The structural analogue triethoxy(methyl)silane has been tested according to a protocol that is similar to OECD 476, but without replication (Litton Bionetics, 1978a). No increase in mutant frequency was observed at any concentration with or without metabolic activation. The solvent and positive controls gave expected results. It is concluded that the test substance is negative for mutagenicity in mouse lymphoma L5178Y cells under the conditions of the test.

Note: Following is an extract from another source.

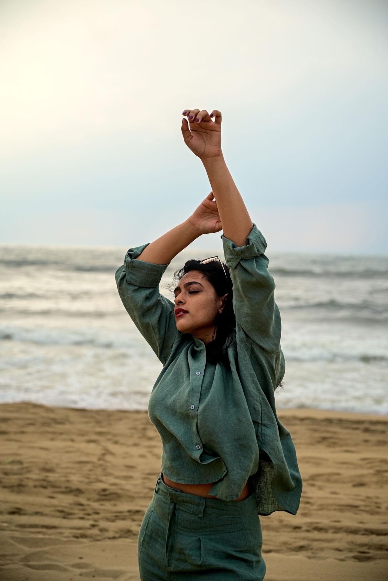 High Slit linen Dress with Detachable Belt
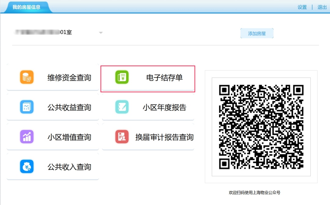 打开“上海物业”微信或支付宝小程序,绑定房屋信息后,可在首页“寻找服务”→“维修资金”→“电子结存单”中查询房屋对应的结存单信息。

A second structural analogue, trichloro(methyl)silane, was tested for mutagenicity in mammalian cells in a reliable and reproducible assay according to a protocol that is similar to OECD 476 (Litton Bionetics, 1978b). Appropriate concurrent negative and positive controls were included and the expected responses were observed, though the cytotoxicity observed with the positive controls in the experiments with activation was high (2.8% and 5.8%). It is noted by the reviewer that the toxicity of the positive control in the experiments with activation was greater than is acceptable under current guidelines. No test-substance related increase in mutant frequency was observed. It is concluded that trichloro(methyl)silane is negative for the induction of mutation in mammalian cells under the conditions of the test.

No evidence for genetic toxicity was observed in the in vitro studies, so it is considered that in vivo testing is not required.

Justification for classification or non-classification

Based on the available in vitro genotoxicity data, methylsilanetriyl triacetate is not classified for mutagenicity according to Regulation (EC) No 1272/2008.